Limiter la surveillance aux métadonnées d'utilisation (fréquence, volume, types de requêtes) plutôt qu'au contenu des échanges avec les outils d'IA, sauf cas justifié par un risque avéré de fuite de données confidentielles.
Documenter systématiquement la justification de chaque mesure de surveillance mise en place, en conservant les analyses de proportionnalité et les avis de la délégation du personnel pour démontrer la conformité en cas de contrôle.
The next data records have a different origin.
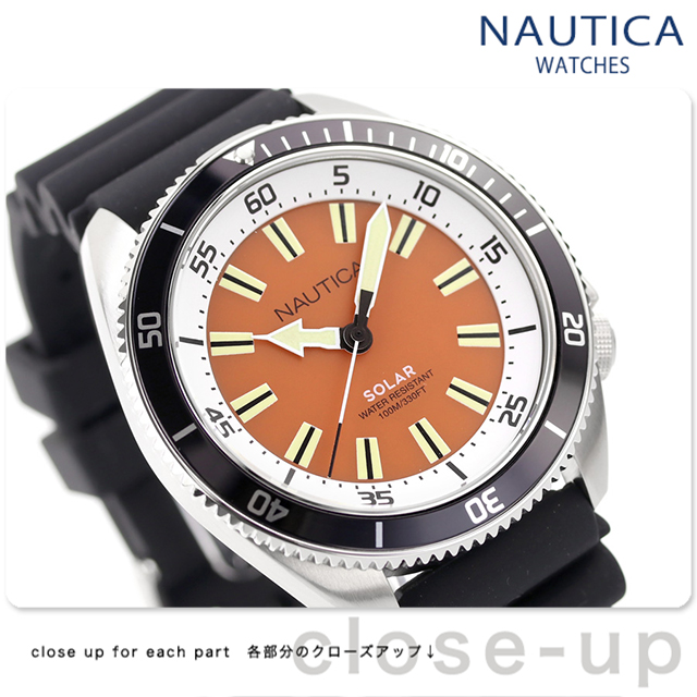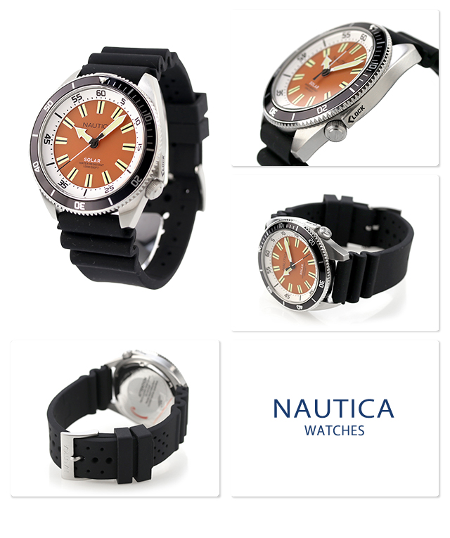 正規品 7年保証キャンペーン ノーティカ ノーティカヴィンテージ メンズ 腕時計 NAPNVS402 NAUTICA NAUTICA VINTAGE アナログ ライトブラウン ブラック 黒 ◆ノーティカは1983年にニューヨークで誕生したアメリカンライフスタイルブランドです。モダンで洗練されたマリンスタイリングを得意とし、その魅力をあますことなく表現したノーティカウォッチは、世界最大級の時計会社グループによる革新的な最先端技術がもたらす高品質・高性能を併せ持っています。 ダイバームードを備えたブランドのヴィンテージ魂を探求する「NAUTICA VINTAGE/ノーティカヴィンテージ」は、大胆なベゼルと目を引くカラーでアップデートされました。44mmのリサイクルステンレススチールケースと3針ソーラームーブメントとシリコンストラップを備えています。
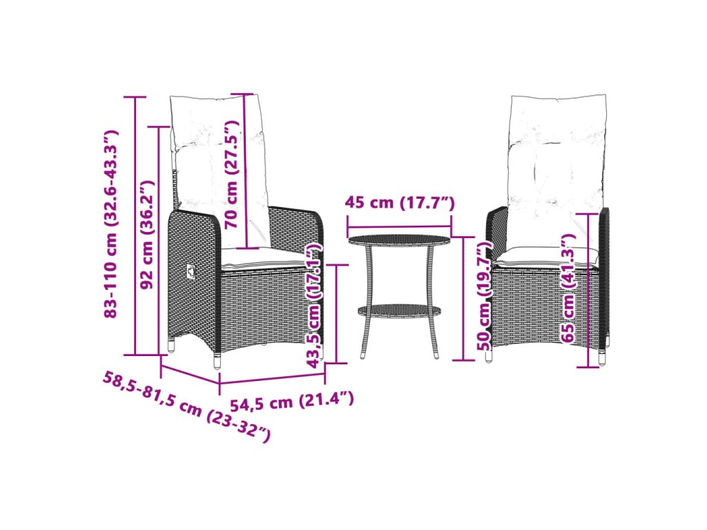 - Rozmery v polohe na ležanie: 54,5 x 81,5 x 83 cm (Š x H x V)
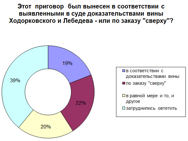 – По поводу второго приговора Ходорковскому и Лебедеву россияне разделились поровну: 28 процентов считают, что суд был справедливым и беспристрастным, и столько же - что он таковым не был. Что, на ваш взгляд, означают эти цифры?
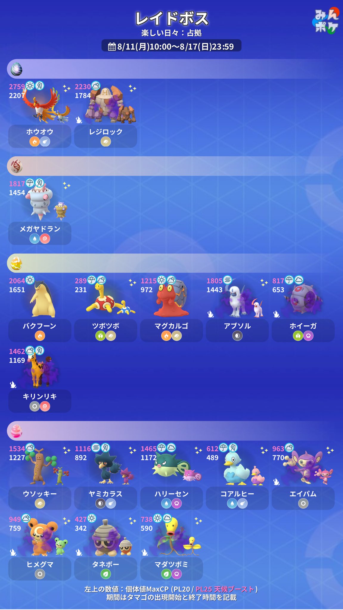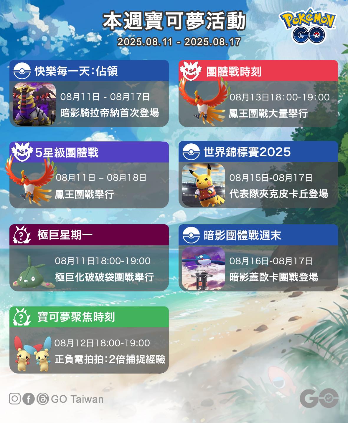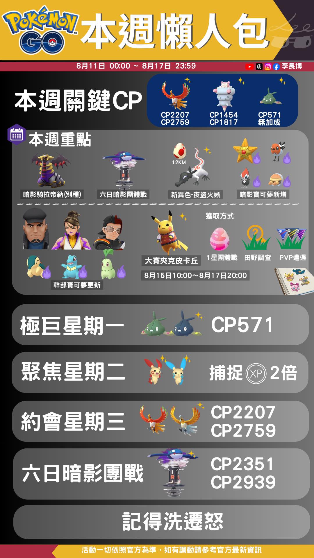 08/11 本週 Pokemon GO 活動資訊提醒、聚焦時刻、BOSS團體戰頭目表、其他活動 2025
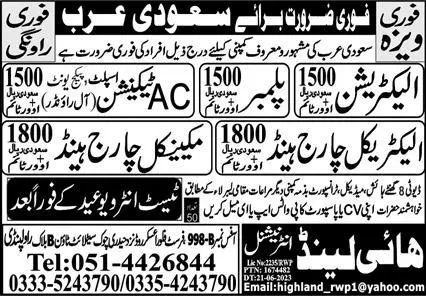 Mechanical Chargehand & AC Technician Jobs 2023 announce the Contract career opportunities for the post of See Below Ad in Saudi Arabia for the fresh and experienced candidates on Contract basis who have Check Advertisement degree. Posted date of this post is 23/06/2023 and the last date is 03/07/2023. if you are eligible for this job apply before due date.
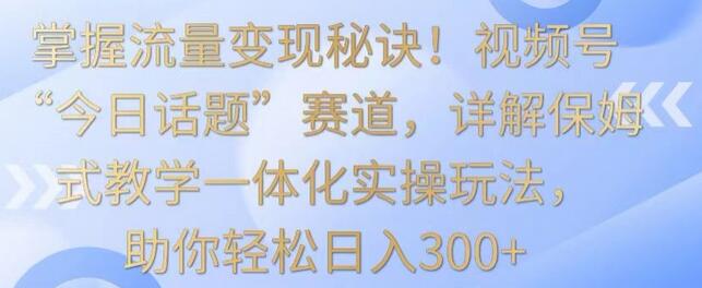 掌握流量变现秘诀!视频号“今日话题”赛道,详解保姆式教学一体化实操玩法,助你轻松日入300+
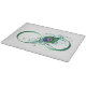 The symbol of infinity with a bright, green, artistic peacock feather on a white background. Tattoo style.
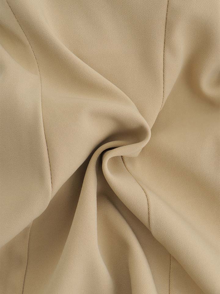 パイピングが全体を引き締め、胸元のゴールドボタンがさりげない華やかさをプラスします。

Éviter toute surveillance discriminatoire ciblant certaines catégories de salariés sans justification objective liée à leur fonction ou à leur niveau d'accès aux données sensibles.
Cadre juridique
| Référence | Objet |
|---|---|
| Art. L.261-1 | Traitement de données à caractère personnel à des fins de surveillance des salariés sur le lieu de travail |
| Art. L.414-4 | Consultation obligatoire de la délégation du personnel sur les dispositifs de surveillance |
| RGPD - Article 6.1.f | Base juridique : intérêt légitime du responsable de traitement |
| RGPD - Article 13 | Obligation d'information des personnes concernées |
| RGPD - Article 35 | Analyse d'impact relative à la protection des données (AIPD) |
| Loi du 1er août 2018 | Mise en œuvre du RGPD au Luxembourg et compétences de la CNPD |
| AI Act - Article 26 | Obligations du déployeur en matière de supervision et de contrôle de l'utilisation |
Note
La surveillance des salariés dans leur utilisation de l'IA doit respecter un équilibre entre les intérêts légitimes de l'employeur (protection des données d'entreprise, respect de la conformité) et le droit à la vie privée des travailleurs. La CNPD sanctionne les dispositifs de surveillance disproportionnés ou mis en place sans information préalable.
L'employeur doit privilégier une approche de confiance encadrée par une charte IA claire, plutôt qu'une surveillance systématique qui risque de détériorer le climat social et d'engendrer des contentieux.